TASK TO COMPLETE :: Could you print the stretch of lines below from the one with "µî·Ï(º¯°æµî·Ï)½Åû¼(º°Áö Á¦1È£¼½Ä) |" through the one with "Благодаря яркому светодиодному", exactly as they stand and without any pictures?

EXCERPTED DATA ::
--*--

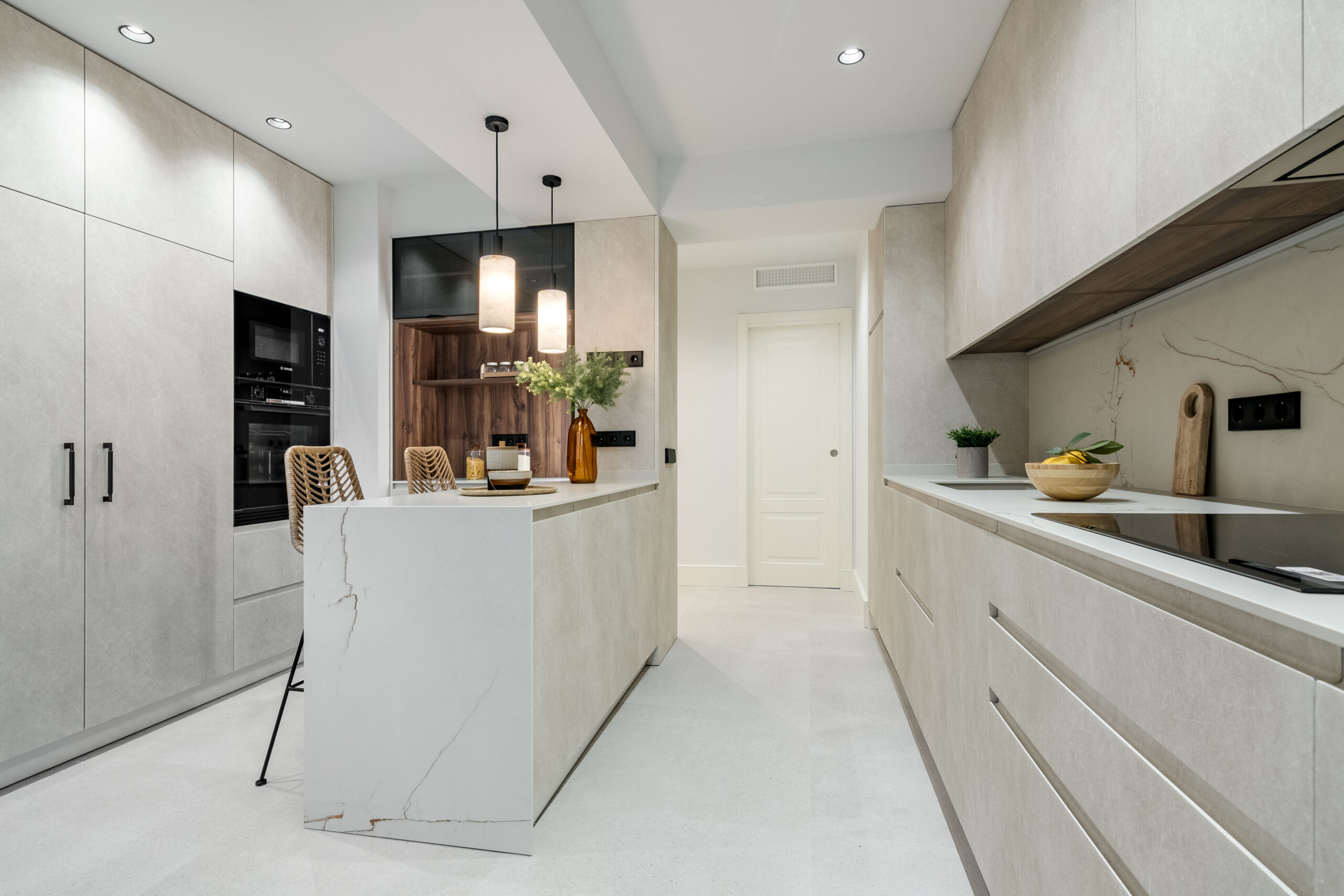 Cocina de Chef: Independiente y pensada para el día a día. Está completamente equipada con frigorífico Side by Side, torre de horno y microondas, lavavajillas integrado, vitrocerámica, lavadora y secadora, todo ello con la garantía que ofrece la marca Bosch. Tiene una capacidad de almacenaje sobresaliente (muebles altos, bajos y cajoneras). Además, cuenta con acceso a una práctica terraza-tendedero.
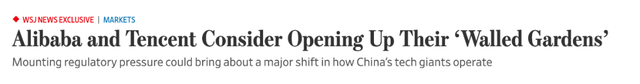 这或许是2021年互联网的最重磅消息,7月14日晚间,有报道称,中国互联网的两大巨头阿里巴巴、腾讯正在考虑互相开放生态系统。消息直接引爆了在美股上市的阿里巴巴,当晚一度大涨超3%。
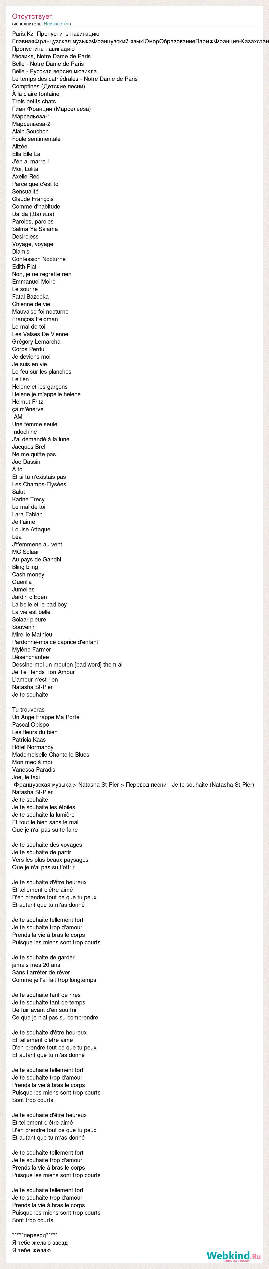 Paris.Kz Пропустить навигацию ГлавнаяФранцузская музыкаФранцузский языкЮморОбразованиеПарижФранция-Казахстан Пропустить навигацию Мюзикл, Notre Dame de Paris Belle - Notre Dame de Paris Belle - Русская версия мюзикла Le temps des cathédrales - Notre Dame de Paris Comptines (Детские песни) À la claire fontaine Trois petits chats Гимн Франции (Марсельеза) Марсельеза-1 Марсельеза-2 Alain Souchon Foule sentimentale Alizée Ella Elle La J'en ai marre ! Moi, Lolita Axelle Red Parce que c'est toi Sensualité Claude François Comme d'habitude Dalida (Далида) Paroles, paroles Salma Ya Salama Desireless Voyage, voyage Diam's Confession Nocturne Edith Piaf Non, je ne regrette rien Emmanuel Moire Le sourire Fatal Bazooka Chienne de vie Mauvaise foi nocturne François Feldman Le mal de toi Les Valses De Vienne Grégory Lemarchal Corps Perdu Je deviens moi Je suis en vie Le feu sur les planches Le lien Helene et les garçons Helene je m'appelle helene Helmut Fritz ça m'énerve IAM Une femme seule Indochine J'ai demandé à la lune Jacques Brel Ne me quitte pas Joe Dassin À toi Et si tu n'existais pas Les Champs-Elysées Salut Karine Trecy Le mal de toi Lara Fabian Je t'aime Louise Attaque Léa J't'emmene au vent MC Solaar Au pays de Gandhi Bling bling Cash money Guerilla Jumelles Jardin d'Eden La belle et le bad boy La vie est belle Solaar pleure Souvenir Mireille Mathieu Pardonne-moi ce caprice d'enfant Mylène Farmer Désenchantée Dessine-moi un mouton [bad word] them all Je Te Rends Ton Amour L'amour n'est rien Natasha St-Pier Je te souhaite Tu trouveras Un Ange Frappe Ma Porte Pascal Obispo Les fleurs du bien Patricia Kaas Hôtel Normandy Mademoiselle Chante le Blues Mon mec à moi Vanessa Paradis Joe, le taxi Французская музыка > Natasha St-Pier > Перевод песни - Je te souhaite (Natasha St-Pier) Natasha St-Pier Je te souhaite Je te souhaite les étoiles Je te souhaite la lumière Et tout le bien sans le mal Que je n'ai pas su te faire Je te souhaite des voyages Je te souhaite de partir Vers les plus beaux paysages Que je n'ai pas su t'offrir Je te souhaite d'être heureux Et tellement d'être aimé D'en prendre tout ce que tu peux Et autant que tu m'as donné Je te souhaite tellement fort Je te souhaite trop d'amour Prends la vie à bras le corps Puisque les miens sont trop courts Je te souhaite de garder jamais mes 20 ans Sans t'arrêter de rêver Comme je l'ai fait trop longtemps Je te souhaite tant de rires Je te souhaite tant de temps De fuir avant d'en souffrir Ce que je n'ai pas su comprendre Je te souhaite d'être heureux Et tellement d'être aimé D'en prendre tout ce que tu peux Et autant que tu m'as donné Je te souhaite tellement fort Je te souhaite trop d'amour Prends la vie à bras le corps Puisque les miens sont trop courts Sont trop courts Je te souhaite d'être heureux Et tellement d'être aimé D'en prendre tout ce que tu peux Et autant que tu m'as donné Je te souhaite tellement fort Je te souhaite trop d'amour Prends la vie à bras le corps Puisque les miens sont trop courts Je te souhaite tellement fort Je te souhaite trop d'amour Prends la vie à bras le corps Puisque les miens sont trop courts Sont trop courts *****перевод***** Я тебе желаю звезд Я тебе желаю
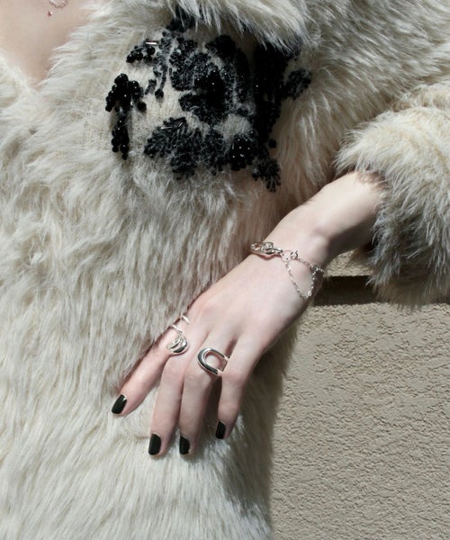 「Fibula chain bracelet」は、どの箇所にもチェーンを繋ぐ事が出来るため、サイズ調整が幅広く可能な商品となっております。
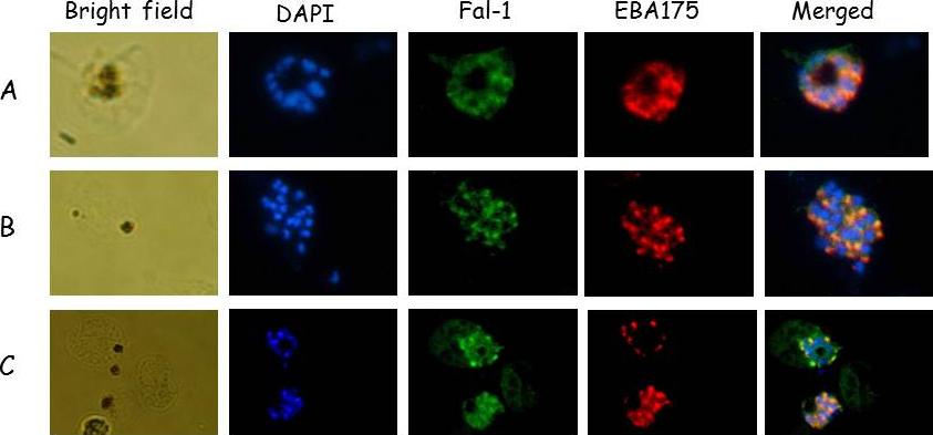 Falcipain 1 and EBA-175 (a merozoite microneme protein) co-localized at the schizont stage. Immunofluorescence images of fixed 3D7 P. falciparum parasites. (A) Merozoites costained with anti-F1.4 and anti-EBA-175 antibodies. (B) Schizonts costained with anti-F1.4 and anti-EBA-175 antibodies. (C) Merozoites costained with anti-F1.4 and anti-MSP-119 antibodies.Kumar A, Kumar K, Korde R, Puri SK, Malhotra P, Singh Chauhan V. Falcipain-1, a Plasmodium falciparum cysteine protease with vaccine potential. Infect Immun. 2007 75:2026-34.
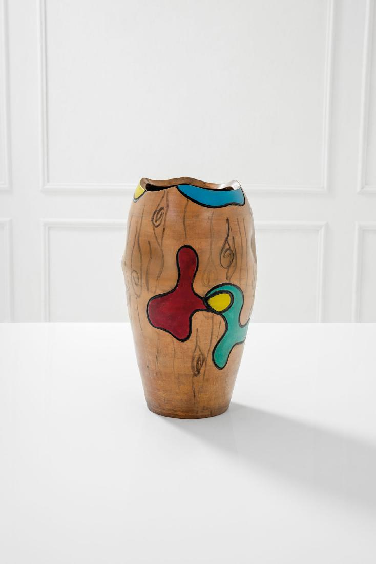 SoldLa FiammaGrande vaso di gusto futurista Terracotta smaltata. Prod. La Fiamma Albisola, 1935 ca. Sotto la base marchio della Fabbrica. h cm 45, diam. max cm 28See Sold Price
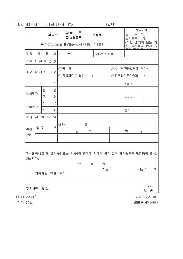 »ç¸³°úÇаü µî·Ï(º¯°æµî·Ï)½Åû¼(º°Áö Á¦1È£¼½Ä) |
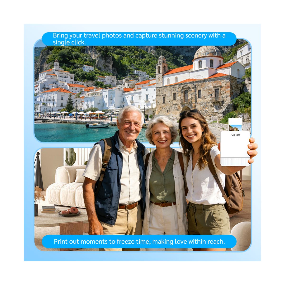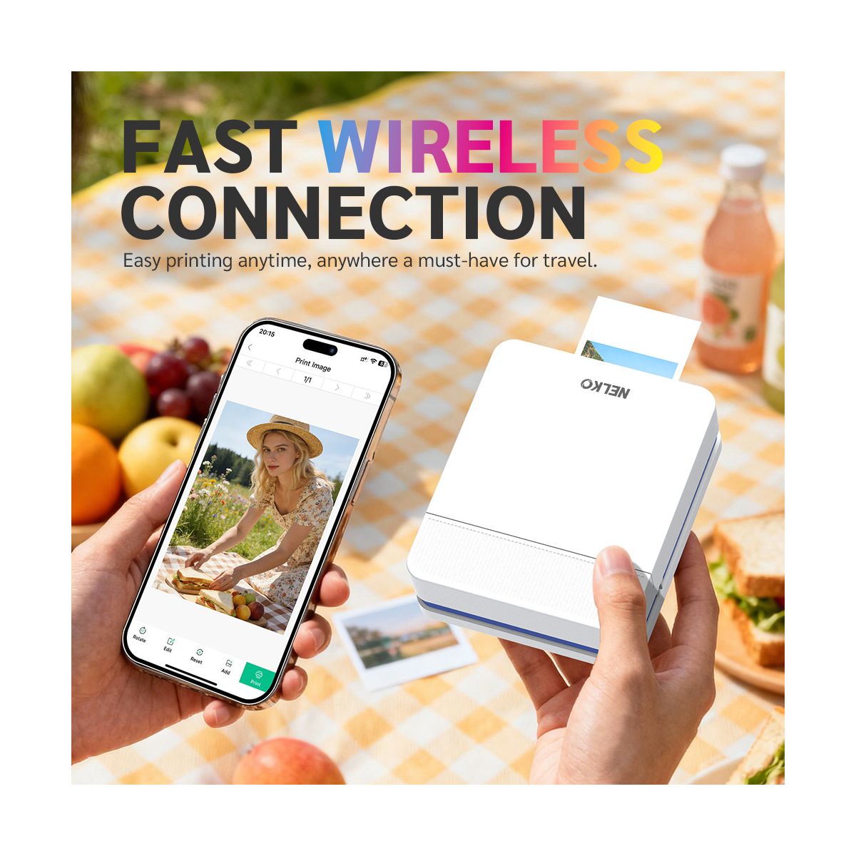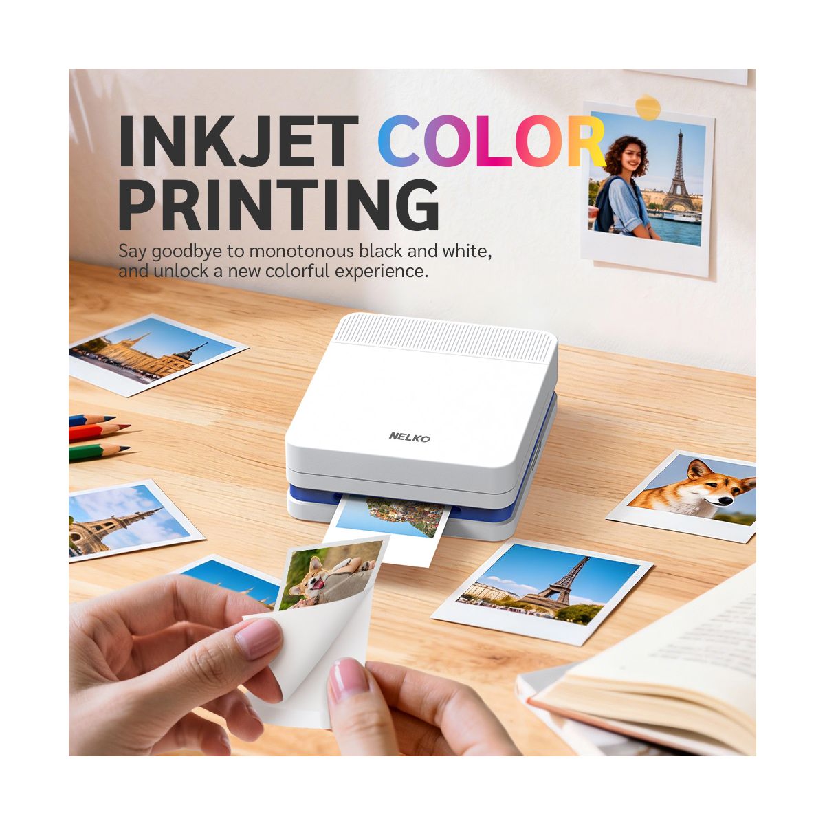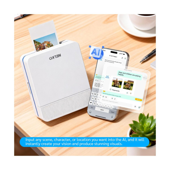 NELKO PP03 Portable Color Photo Printer – Wireless Bluetooth Mini Printer for Phone, Travel-Friendly with AI Image Generation & Built-in Editing App
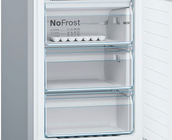 Благодаря яркому светодиодному освещению все готовые блюда на полках хорошо просматриваются. Данная модель предусматривает в себе систему NoFrost, что позволяет не размораживать устройство за весь период пользования.
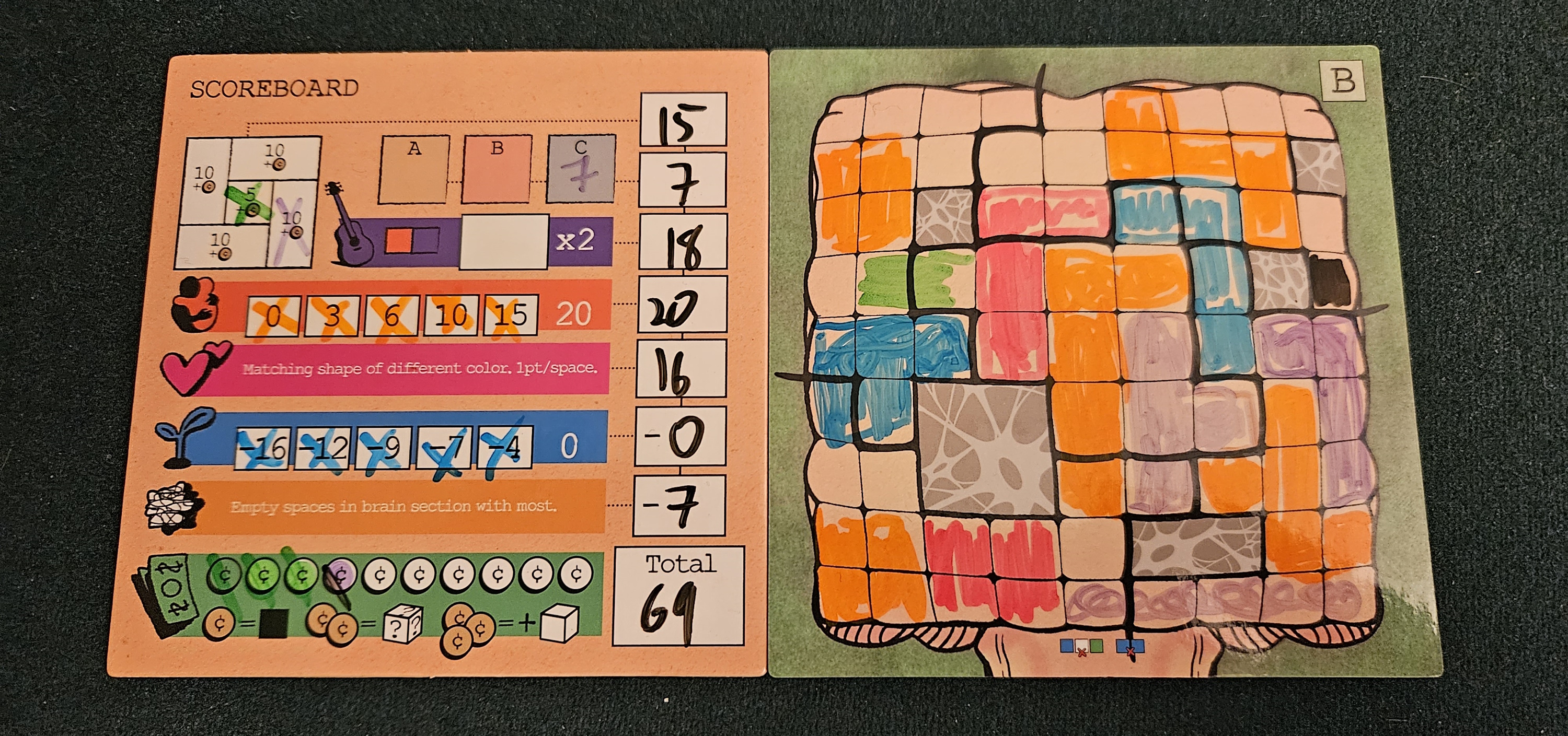 So you try to squeeze it all in. Here each pursuit is a polyomino, scattered by a roll of dice to conform to one of five colors. These each have their own criteria for scoring, all with a nice sense of identity. Purple shapes represent hobbies, but because hobbies are best shared with friends — how’s that for an assumption? — they only score when placed adjacent to orange shapes. Friends are their own reward, in the game’s thinking. There’s also self-care, represented by the most melancholy color, which will subtract a chunk of points at game’s end unless you’ve allowed some therapy into each broad segment of your life. There’s something nifty about this one: with the proper placement, you can get away with only two or three blue shapes. Doing your therapist’s homework really does pay off.
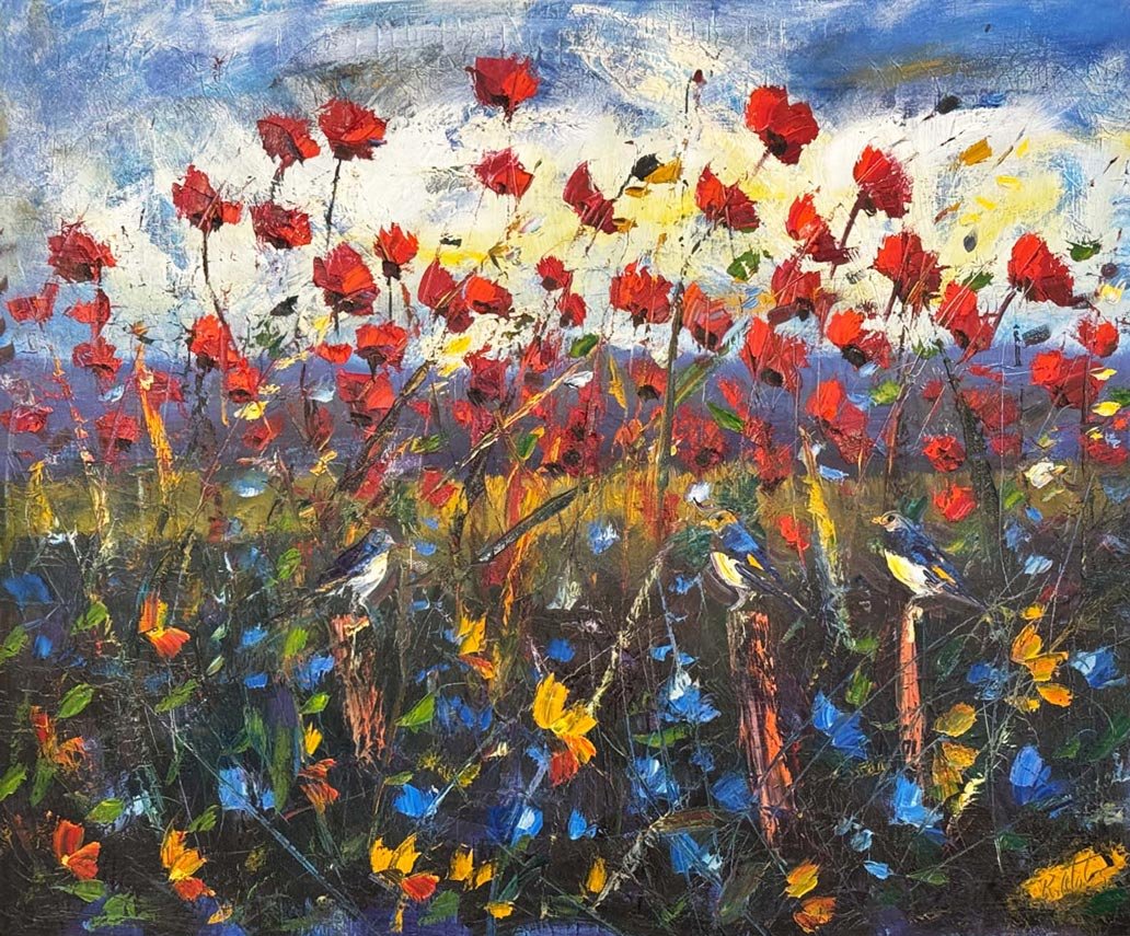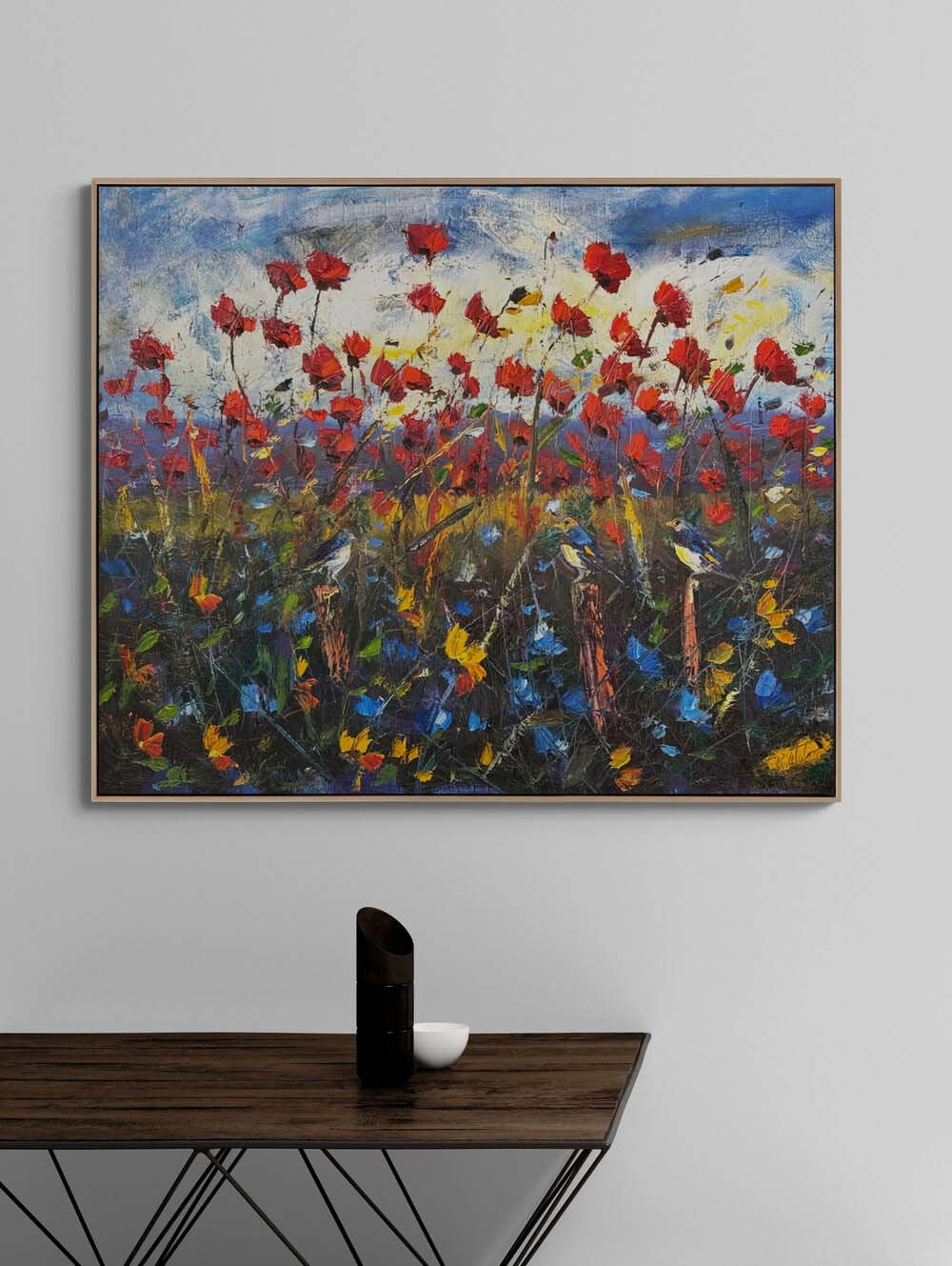 Dağ Eteğinde Gelincikler Yağlı Boya Tablosu

--*--

THE ANSWER ::
 »ç¸³°úÇаü µî·Ï(º¯°æµî·Ï)½Åû¼(º°Áö Á¦1È£¼½Ä) |
 NELKO PP03 Portable Color Photo Printer – Wireless Bluetooth Mini Printer for Phone, Travel-Friendly with AI Image Generation & Built-in Editing App
 Благодаря яркому светодиодному освещению все готовые блюда на полках хорошо просматриваются. Данная модель предусматривает в себе систему NoFrost, что позволяет не размораживать устройство за весь период пользования.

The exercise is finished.